What is Initial Coin Offering (ICO)?

Let’s delve into the notion that is becoming popular with blockchain-based startups.

Initial Coin Offering (ICO) is a means of crowdfunding to release a new cryptocurrency. Traditionally, the sale of tokens is organized before the cryptocurrency is released in order to raise money for technical development. ICO is notable for little or no government regulation.

It also differs from IPO (initial public offering) as acquisition of the tokens does not grant ownership in the company developing the new cryptocurrency. While IPOs are well-defined and understood by governments, ICOs are obscurer. The U.S. Securities and Exchange Commission and other regulatory agencies are currently examining the practice. Proponents state that tokens are something between a security and a currency.

The first ICO was conducted for Mastercoin in 2013. Next year, Ethereum followed and raised money with an ICO.

ICOs are rather popular with blockchain-based startups. The issue of their own cryptocurrencies to be bought in a crowdsale seems to be more profitable than accepting some fund’s money in exchange for equity stakes. Revenue from the auction of these virtual shares allows funding the businesses.

The fundraising tactic offers some tangible benefits. The liquidity is to be mentioned above all. Backers’ funds are traditionally tied up in their bets until the companies “exit,” going public or selling out. Thus, investors can cash in and out whenever they like, converting tokens into Bitcoin, Ether, and fiat currency at their leisure. There is no need to wait.

Secondly, ICOs enable new business models for open source projects. Now, developers frequently participate in various collaborations, tinkering in vital code repositories free of charge. ICOs enable coders to generate value. The more successful a project is, the higher market participants may appraise it and the more rewards contributors may get.

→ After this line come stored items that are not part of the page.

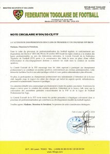 La Fédération Togolaise de Football (FTF) a pris une décision importante ce vendredi 10 mai 2024, dans le processus de professionalisation du football.
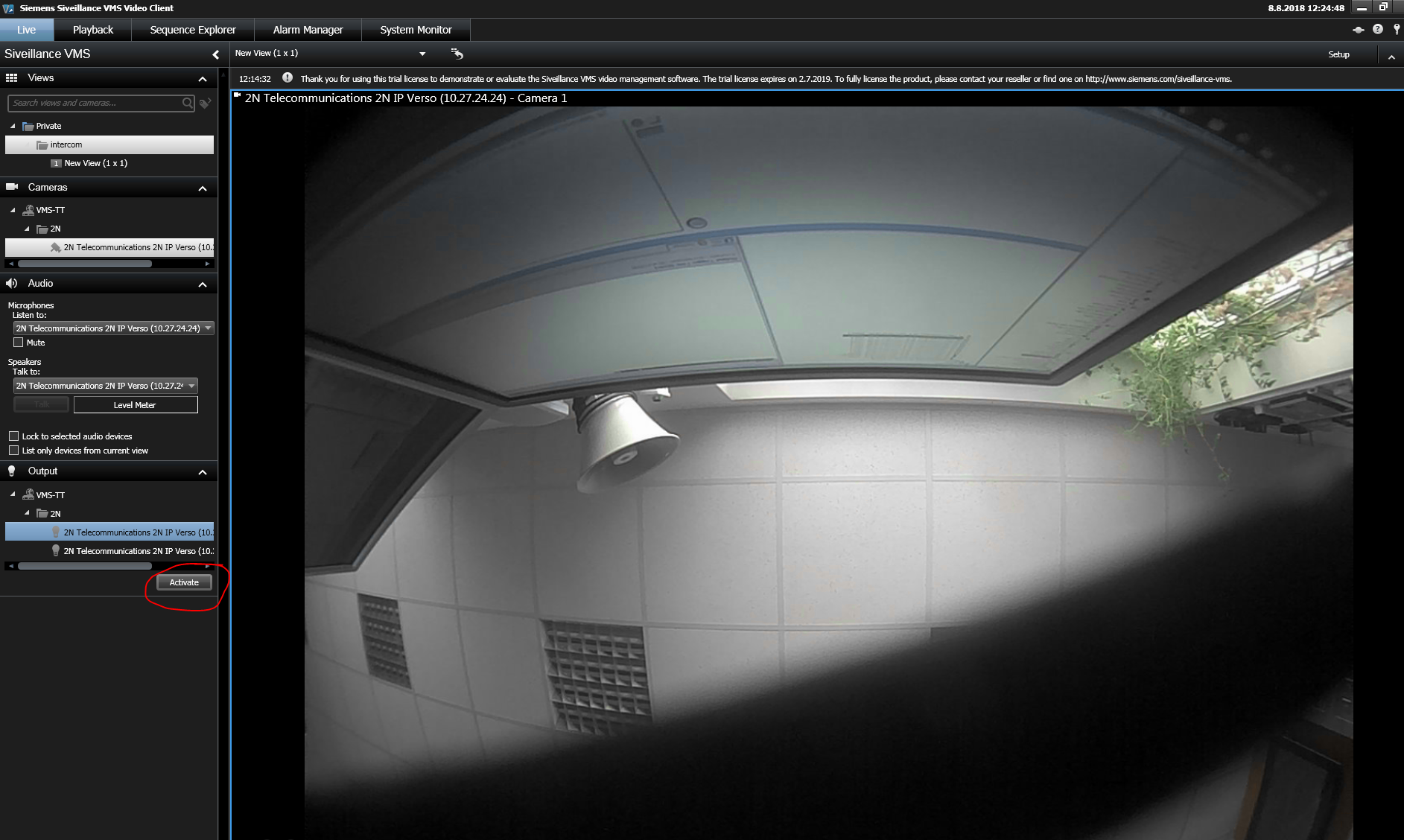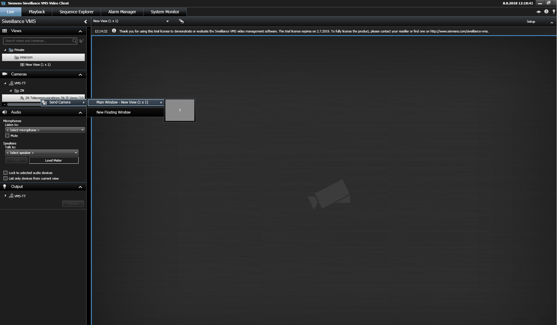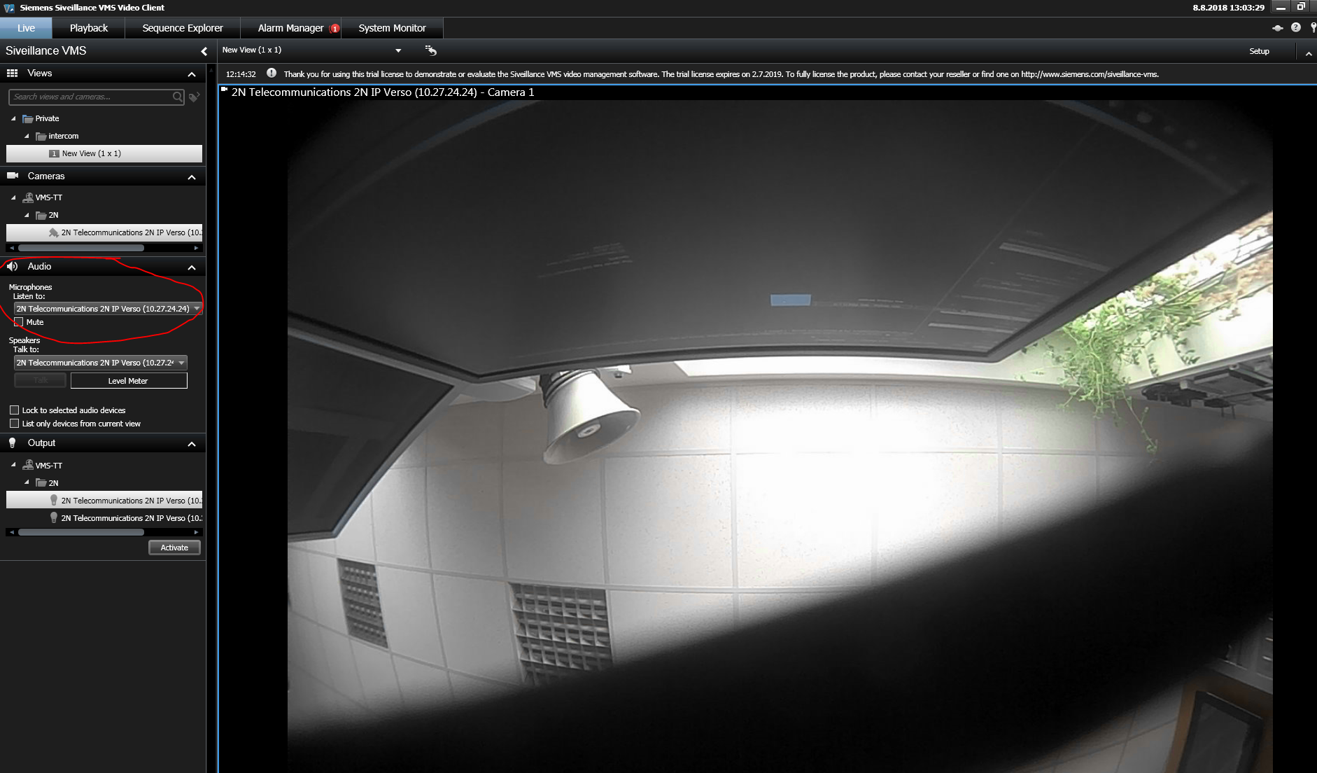 In the Siveillance VMS Video Client you should talk to 2N IP Intercom. After you add your camera, drag selected camera and drop it into your View from the camera tree. And then you can press button and talk.
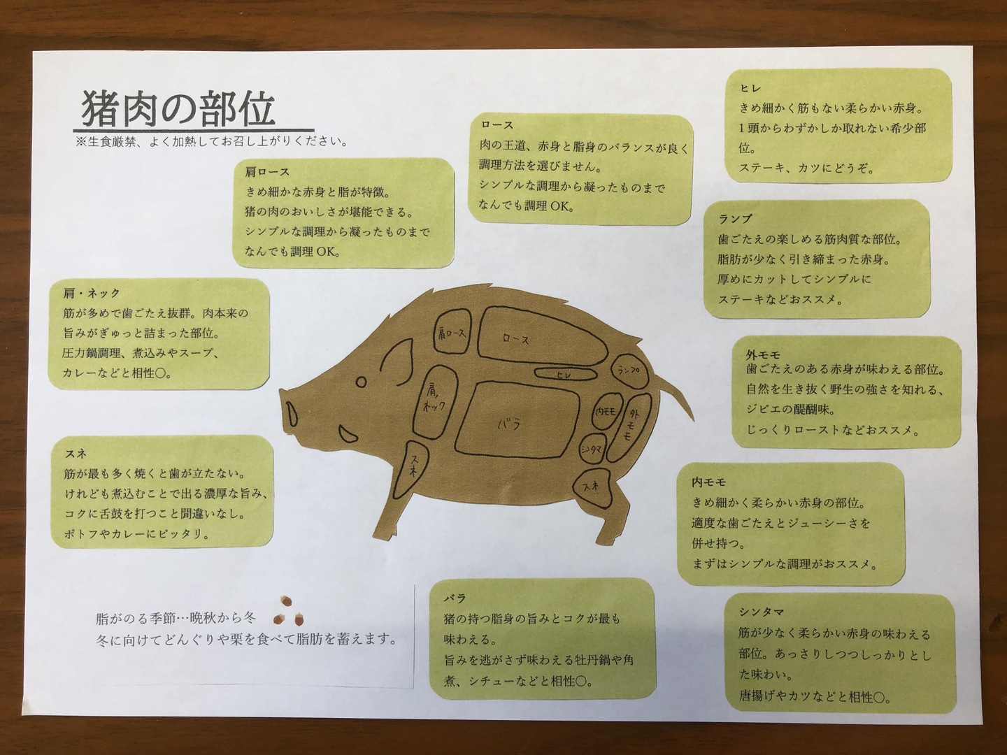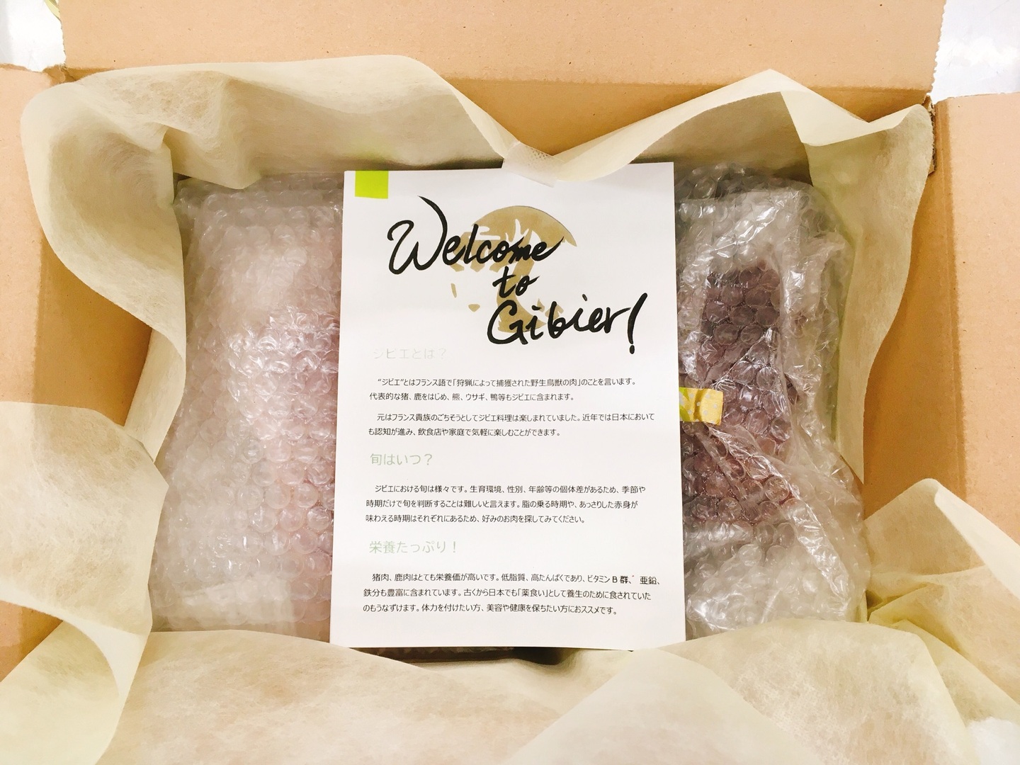 猪と鹿の各部位紹介や調理の基礎が載っているパンフレットもお付けしますので、ジビエ初心者の方にもおすすめです(^^)
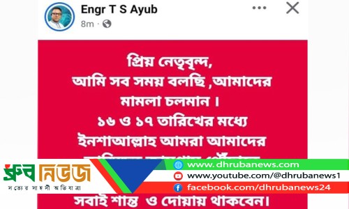 যশোর-৪ আসনে টিএস আইয়ুবের প্রার্থিতা ফিরে না পাওয়ায় বাঘারপাড়া ও অভয়নগর এলাকার তৃণমূল কর্মীদের মধ্যে চরম হতাশা দেখা দিয়েছে। তবে আশাহত না হয়ে নেতাকর্মীদের শান্ত থাকার আহ্বান জানিয়েছেন আইয়ুব। নিজের ব্যক্তিগত ফেসবুক অ্যাকাউন্টে এক পোস্টে বলেন, প্রিয় নেতৃবৃন্দ, আমি সব সময় বলছি আমাদের মামলা চলমান। ১৬ ও ১৭ তারিখের মধ্যে আমরা আমাদের কাঙ্ক্ষিত জায়গায় পৌঁছাতে পারবো। সবাই শান্ত ও দোয়ায় থাকবেন।
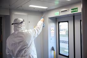 Комплекс противоэпидемических мероприятий в пригородных поездах в рамках пресс-тура организованного…
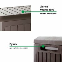 Благодаря продуманной конструкции садовый сундук не боится осадков и сохраняет сухими находящиеся в нем вещи. А наличие колес и ручек по бокам позволяет легко переместить его с места на место.
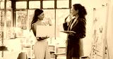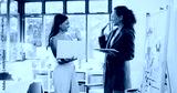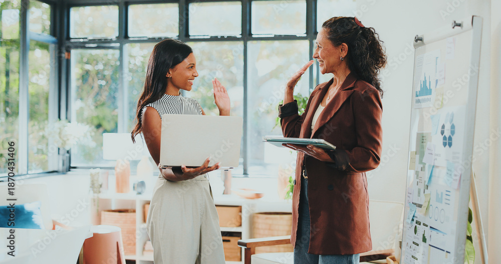 Creative women, high five and tech for designer agency in office for internship or project management. App, meeting and celebration with woman, mentor and coaching for training conversation or update
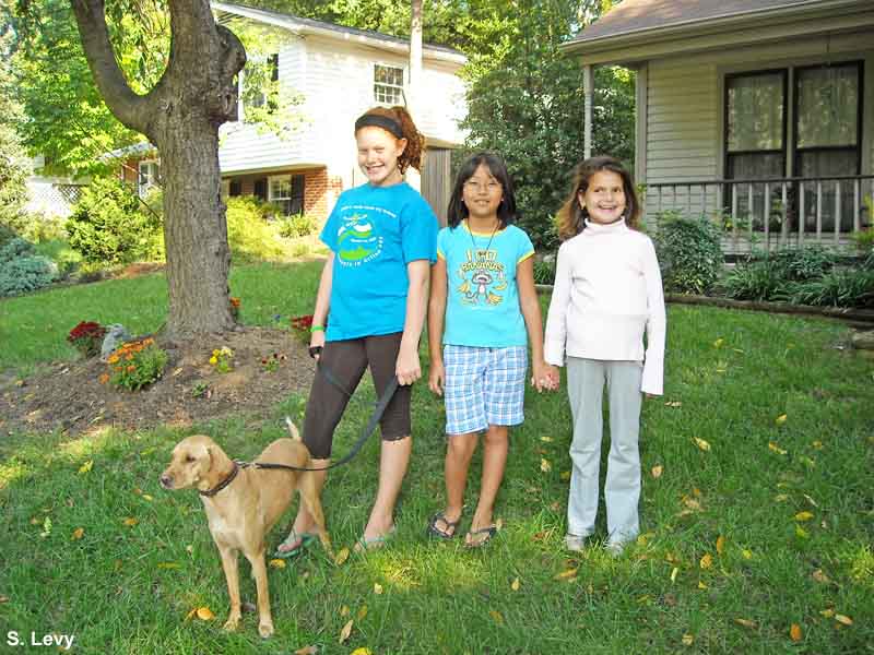 Emily and Alycia Levy (with neighbor Nancy, center) believe their dog, Chili, would win as “Cutest Pooch.”

The success of the approach is already obvious. The market capitalization of Ether has risen by more than 500% in value since the beginning of the year.

Not to make an impression that everything is so ideal and in order to provide objectivity, let’s discuss the downsides.

As far as there is no strict regulation in the sector, investors take a risk of getting scammed. Pump and dumps, Ponzi schemes, and buggy foundational software can endanger normal operation. Ether’s debut was marred by the spectacular bust of a much-hyped project, a decentralized venture capital firm called The DAO, built atop its network. The problem wasn’t caused by malicious intent of the founders but mostly by a hack.

The main rule for those who are going to enter a game is to remember never to wager anything they feel not ready to lose.